**INPUT FOR THIS TASK:**
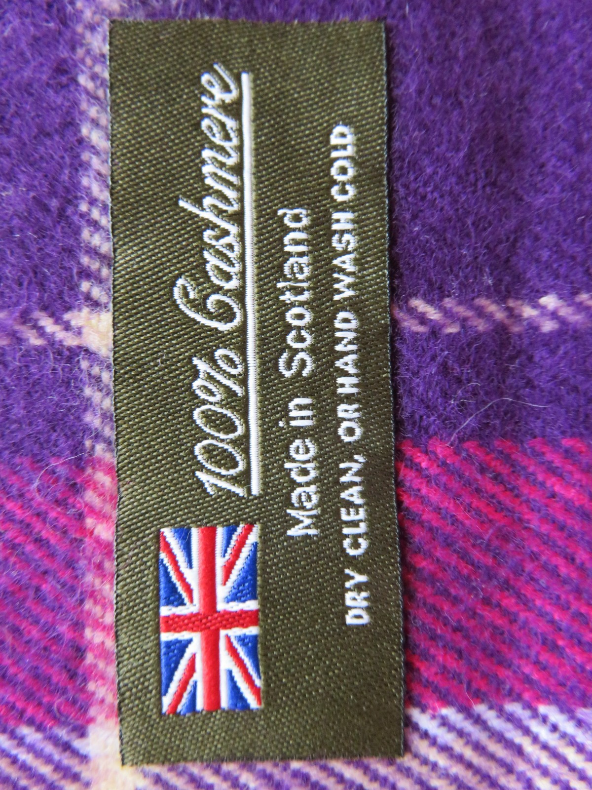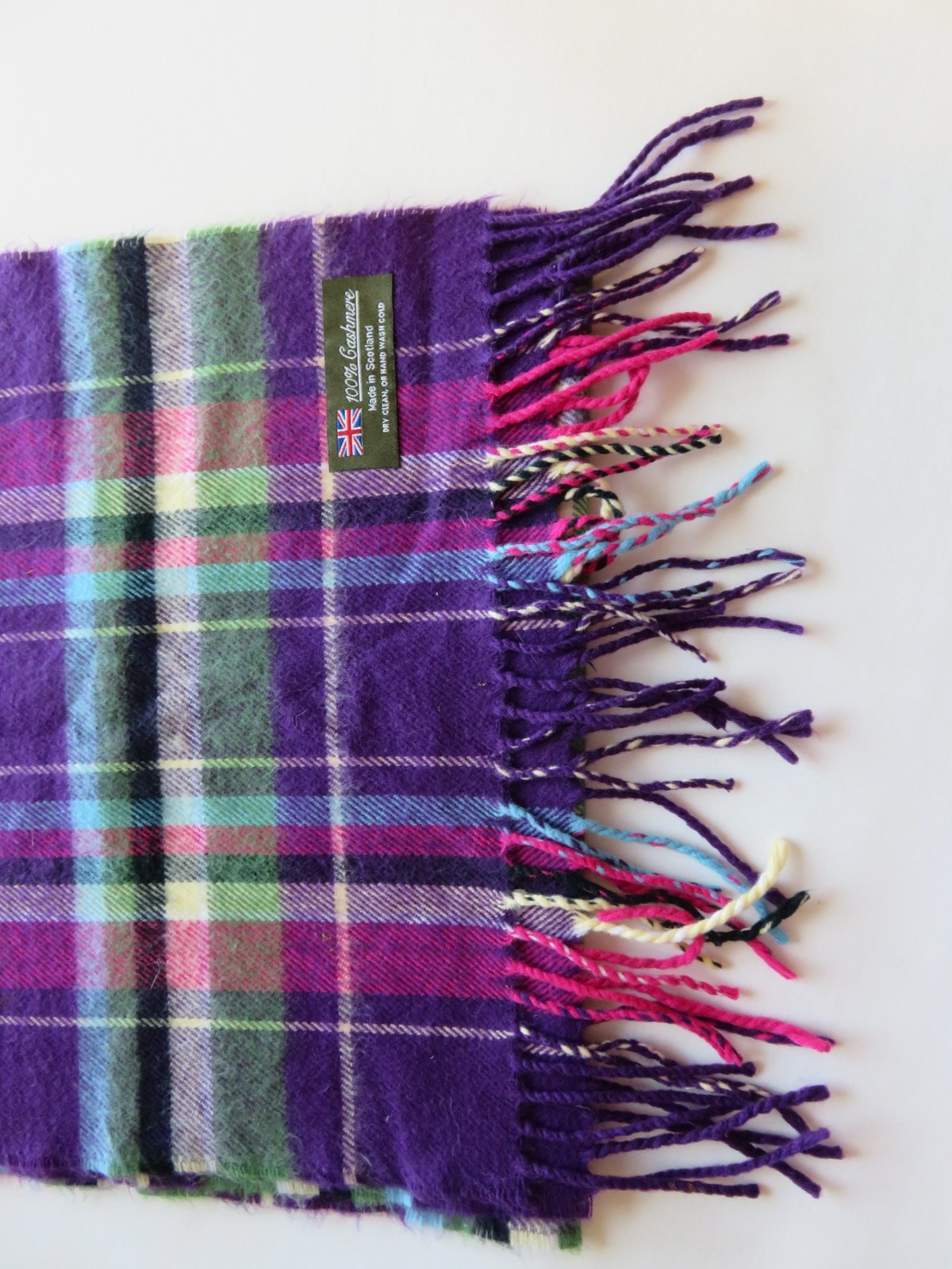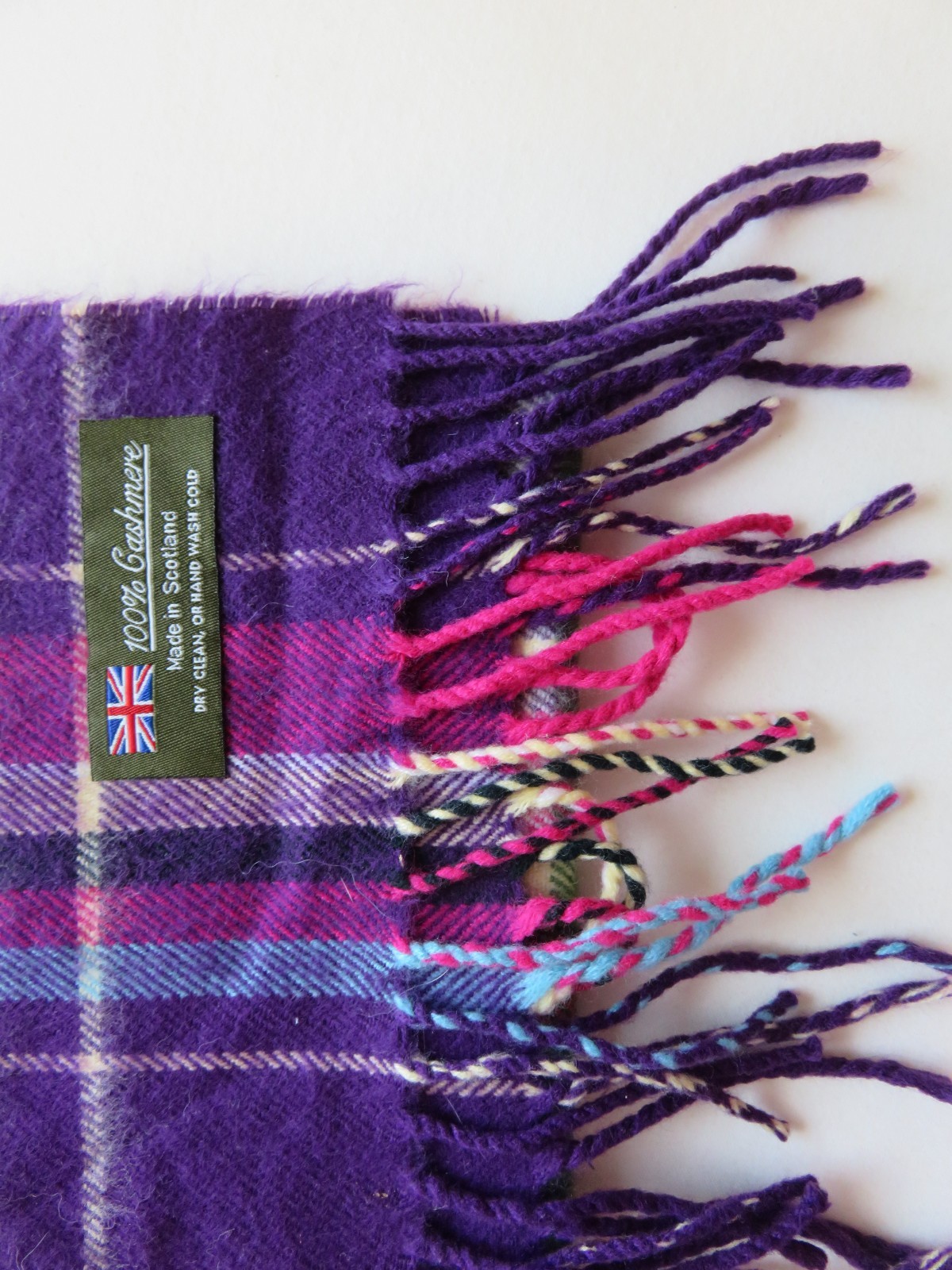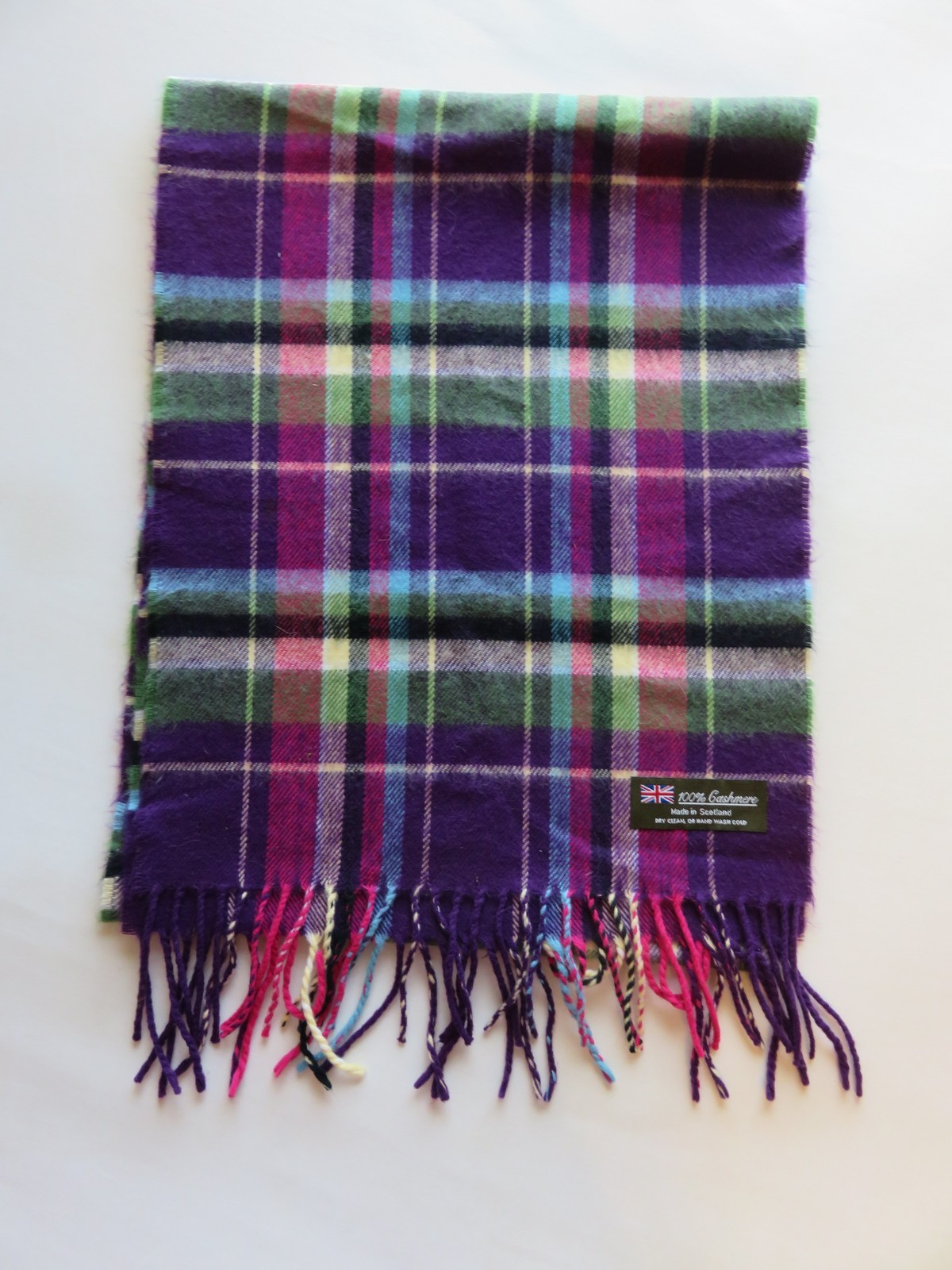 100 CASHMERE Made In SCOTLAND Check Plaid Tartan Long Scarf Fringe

---

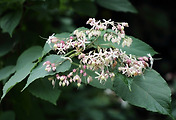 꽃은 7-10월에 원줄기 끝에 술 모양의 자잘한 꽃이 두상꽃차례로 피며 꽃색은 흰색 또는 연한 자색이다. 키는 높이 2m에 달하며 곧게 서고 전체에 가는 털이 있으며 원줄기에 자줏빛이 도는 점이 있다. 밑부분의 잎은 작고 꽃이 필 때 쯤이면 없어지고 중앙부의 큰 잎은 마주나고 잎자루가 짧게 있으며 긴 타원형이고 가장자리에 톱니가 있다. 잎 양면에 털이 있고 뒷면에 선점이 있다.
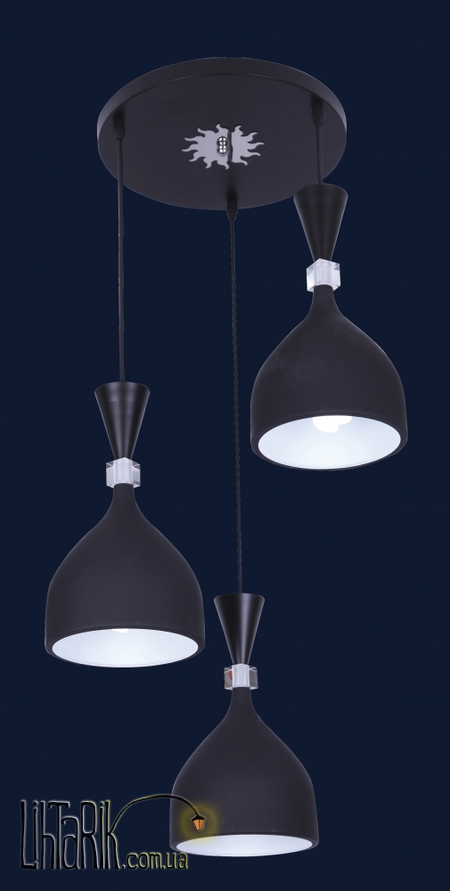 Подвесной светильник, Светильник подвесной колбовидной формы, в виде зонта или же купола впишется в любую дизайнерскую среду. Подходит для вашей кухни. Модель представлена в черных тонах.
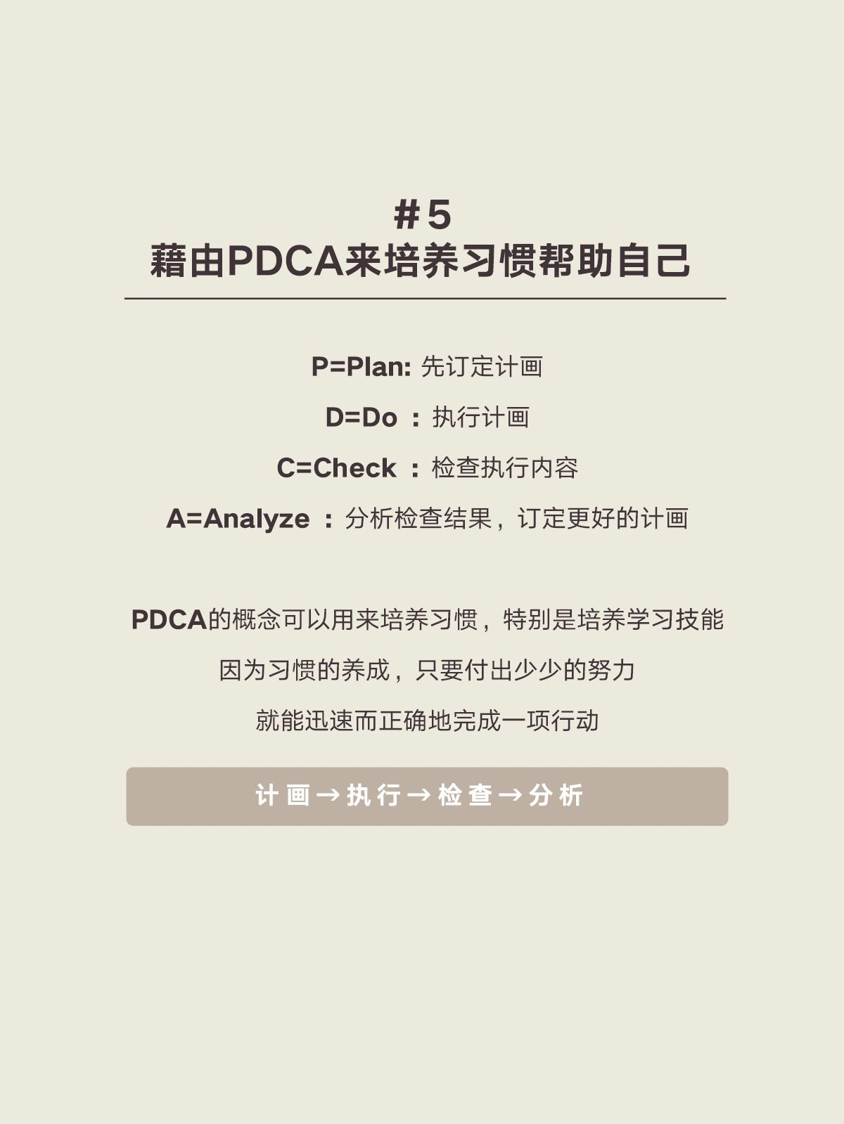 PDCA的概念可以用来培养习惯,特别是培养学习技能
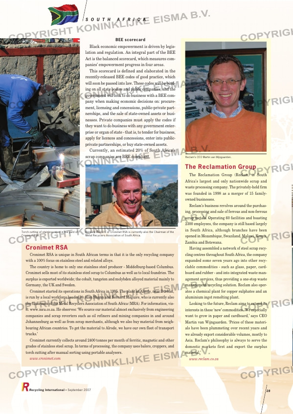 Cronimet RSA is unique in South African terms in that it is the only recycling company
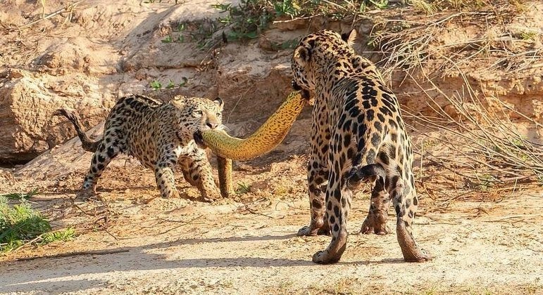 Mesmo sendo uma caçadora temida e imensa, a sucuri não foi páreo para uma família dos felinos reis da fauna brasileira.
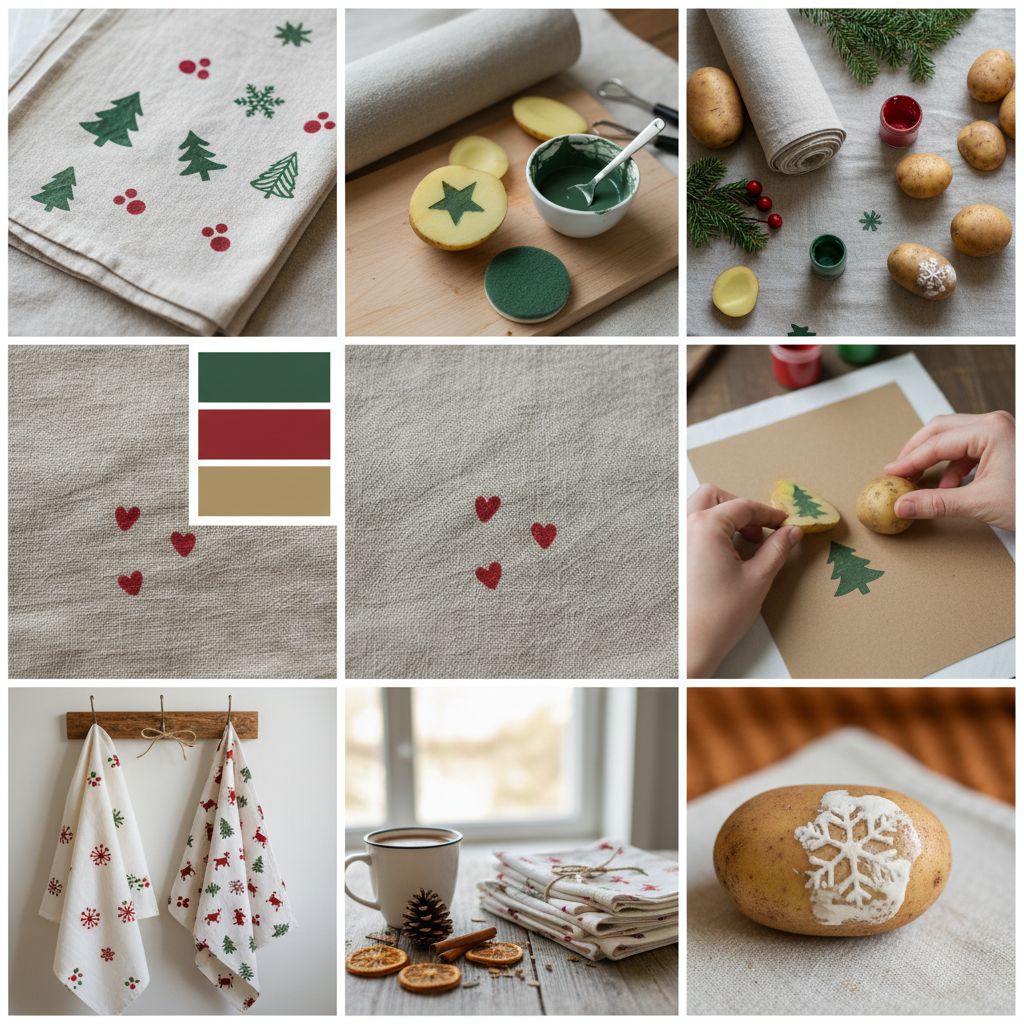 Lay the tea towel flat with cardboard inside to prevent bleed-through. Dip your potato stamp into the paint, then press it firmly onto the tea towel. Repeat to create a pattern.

--

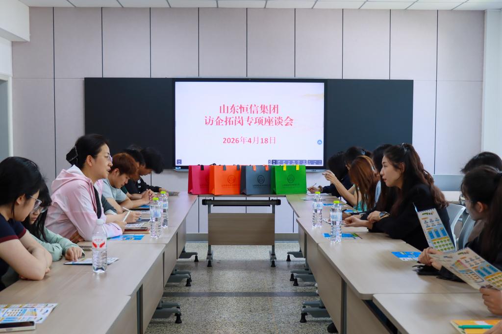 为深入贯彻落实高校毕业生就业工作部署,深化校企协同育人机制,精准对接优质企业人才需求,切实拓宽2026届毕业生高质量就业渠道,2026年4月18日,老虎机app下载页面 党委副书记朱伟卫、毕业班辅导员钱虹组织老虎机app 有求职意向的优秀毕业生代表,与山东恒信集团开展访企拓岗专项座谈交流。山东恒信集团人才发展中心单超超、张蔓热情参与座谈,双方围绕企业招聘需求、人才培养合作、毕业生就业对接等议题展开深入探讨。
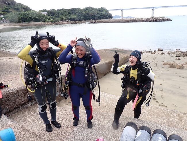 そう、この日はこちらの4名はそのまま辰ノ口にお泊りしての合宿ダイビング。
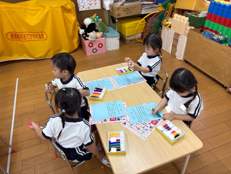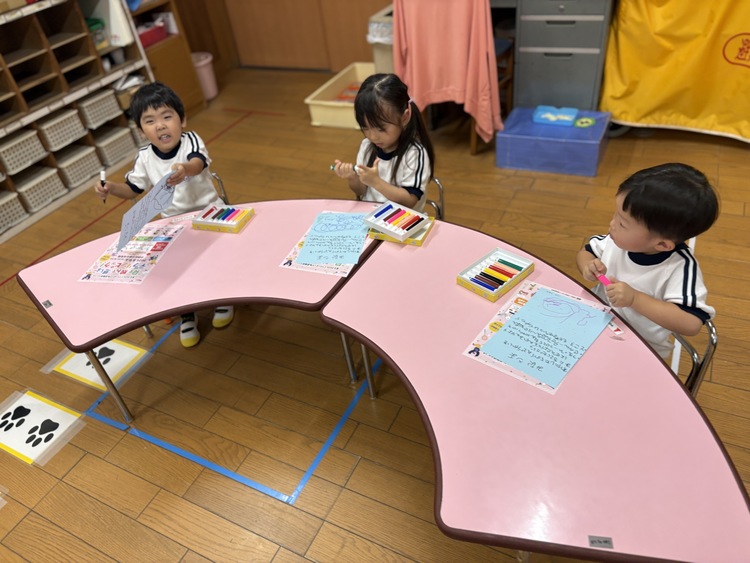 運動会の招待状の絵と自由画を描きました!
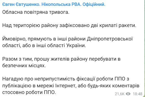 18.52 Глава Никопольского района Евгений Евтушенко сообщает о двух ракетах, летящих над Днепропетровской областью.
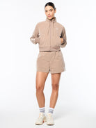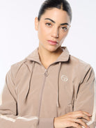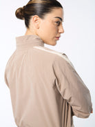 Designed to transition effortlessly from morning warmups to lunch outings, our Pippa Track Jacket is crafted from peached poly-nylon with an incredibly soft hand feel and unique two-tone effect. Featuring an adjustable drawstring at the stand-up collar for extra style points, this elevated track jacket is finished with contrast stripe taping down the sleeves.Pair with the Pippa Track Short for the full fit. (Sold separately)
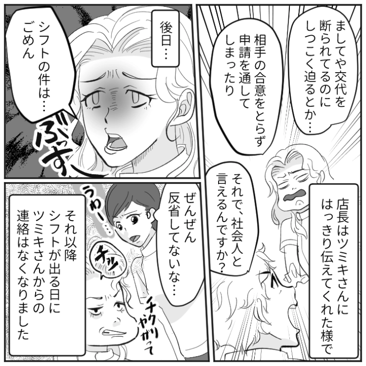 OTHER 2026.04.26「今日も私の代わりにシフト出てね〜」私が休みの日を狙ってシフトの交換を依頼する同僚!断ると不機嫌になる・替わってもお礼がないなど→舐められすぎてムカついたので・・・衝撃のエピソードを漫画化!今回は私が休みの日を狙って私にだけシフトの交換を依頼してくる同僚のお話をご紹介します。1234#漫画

**WHAT YOU NEED TO DO:** Both the line above containing "Designed to transition" and the line containing "OTHER 2026.04." belong in the copy, along with every line between them; print these exactly and omit the pictures.

**WRITTEN RESPONSE:**
 Designed to transition effortlessly from morning warmups to lunch outings, our Pippa Track Jacket is crafted from peached poly-nylon with an incredibly soft hand feel and unique two-tone effect. Featuring an adjustable drawstring at the stand-up collar for extra style points, this elevated track jacket is finished with contrast stripe taping down the sleeves.Pair with the Pippa Track Short for the full fit. (Sold separately)
 OTHER 2026.04.26「今日も私の代わりにシフト出てね〜」私が休みの日を狙ってシフトの交換を依頼する同僚!断ると不機嫌になる・替わってもお礼がないなど→舐められすぎてムカついたので・・・衝撃のエピソードを漫画化!今回は私が休みの日を狙って私にだけシフトの交換を依頼してくる同僚のお話をご紹介します。1234#漫画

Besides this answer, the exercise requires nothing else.